In Canada, more than 1 in 10 people will suffer a major form of depression at some point in their lives. There are many effective treatments for depression, including drug therapy. Finding a medication that both works and does not cause severe side effects is often a matter of trial-and-error. This may contribute to the high non-adherence rates and, subsequently, to poorer health outcomes and increased costs. An individual’s genetic makeup is thought to be partly related to whether particular drugs work and whether there are side effects with the drug. “Pharmacogenomic” testing, that is, using the patient’s genetic information to determine which particular drug might work best, at the right dose, with the fewest side effects, is a new and promising approach.

In this study, we want to know if pharmacogenomic testing for depression treatment should be routinely used in British Columbia. Through a series of research activities, we will evaluate how much improved health patients might see, as well as whether the testing is good value for money for the health system. As a whole, the project will provide tools for evaluating and addressing societal and economic considerations for the implementation of pharmacogenomics tools into clinical practice.

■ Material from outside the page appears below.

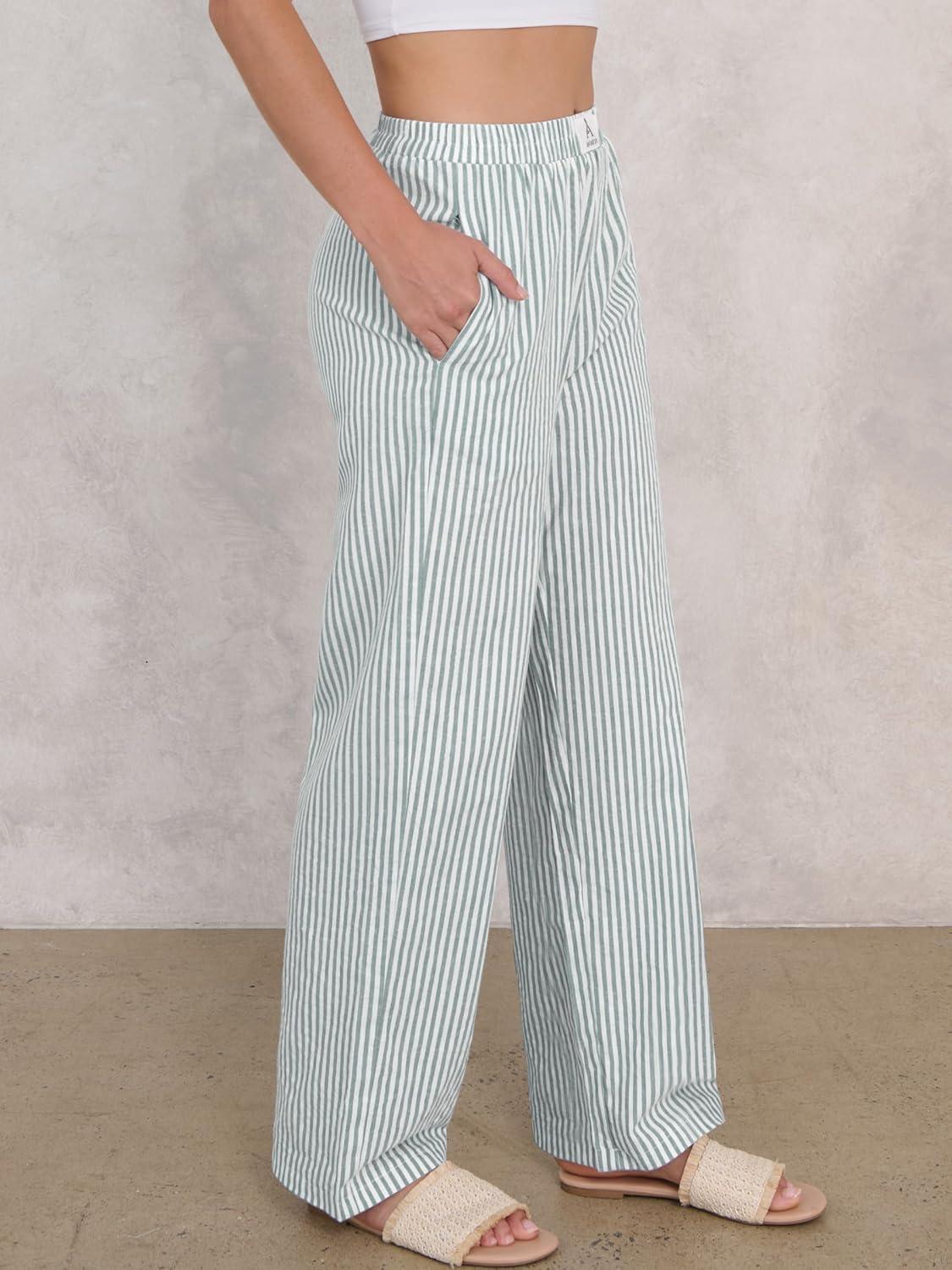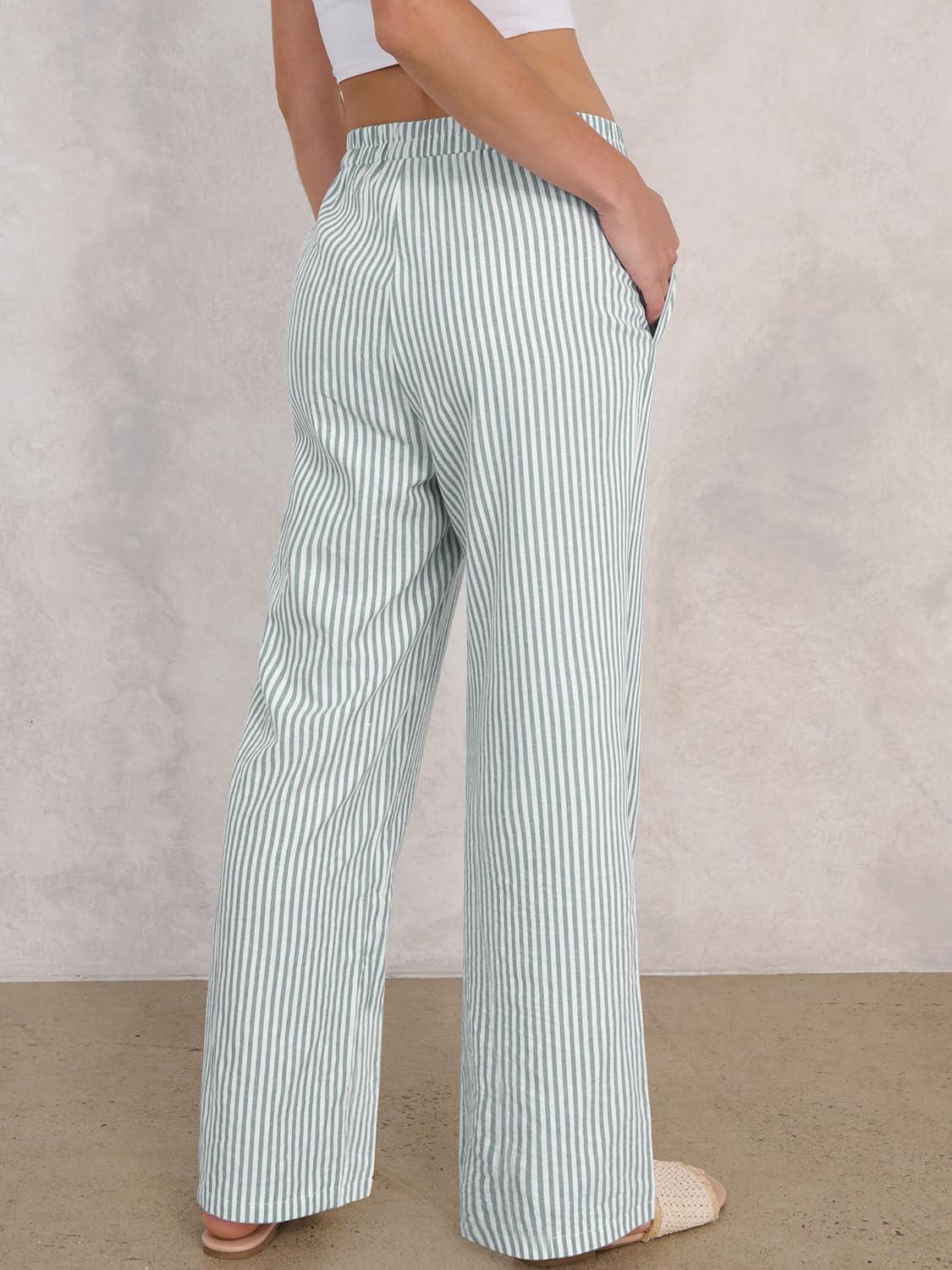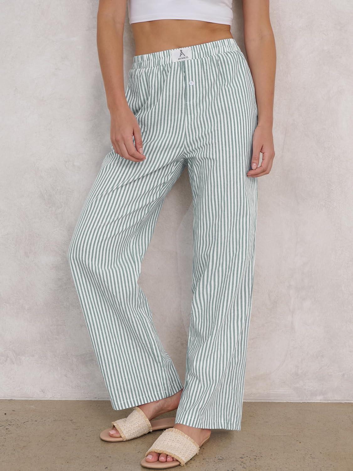 ANRABESS Womens Striped Gingham Pants 2025 Pajama Lounge Boxer Pants Cute Comfy PJ Bottoms with Pockets Y2K Plaid Outfits(Green White Stripe)

Dr. Stirling Bryan (Principal Investigator) is a health economist, Professor in UBC’s School of Population and Public Health, a Senior Scientist at the Centre for Clinical Epidemiology and Evaluation (Vancouver Coastal Health Research Institute), and President of the BC Academic Health Science Network. Dr. Jehannine Austin (co-Principal Investigator) is a genetic counsellor, Professor in Psychiatry & Medical Genetics at UBC and executive director of the BC Mental Health and Substance Use Services Research Institute. The remaining multi-disciplinary Canadian team has expertise in health policy research, simulation modeling, systematic reviewing, knowledge translation, and includes patient partners.

This 2-year study is funded by Genome BC, Genome Canada, and the Michael Smith Foundation for Health Research.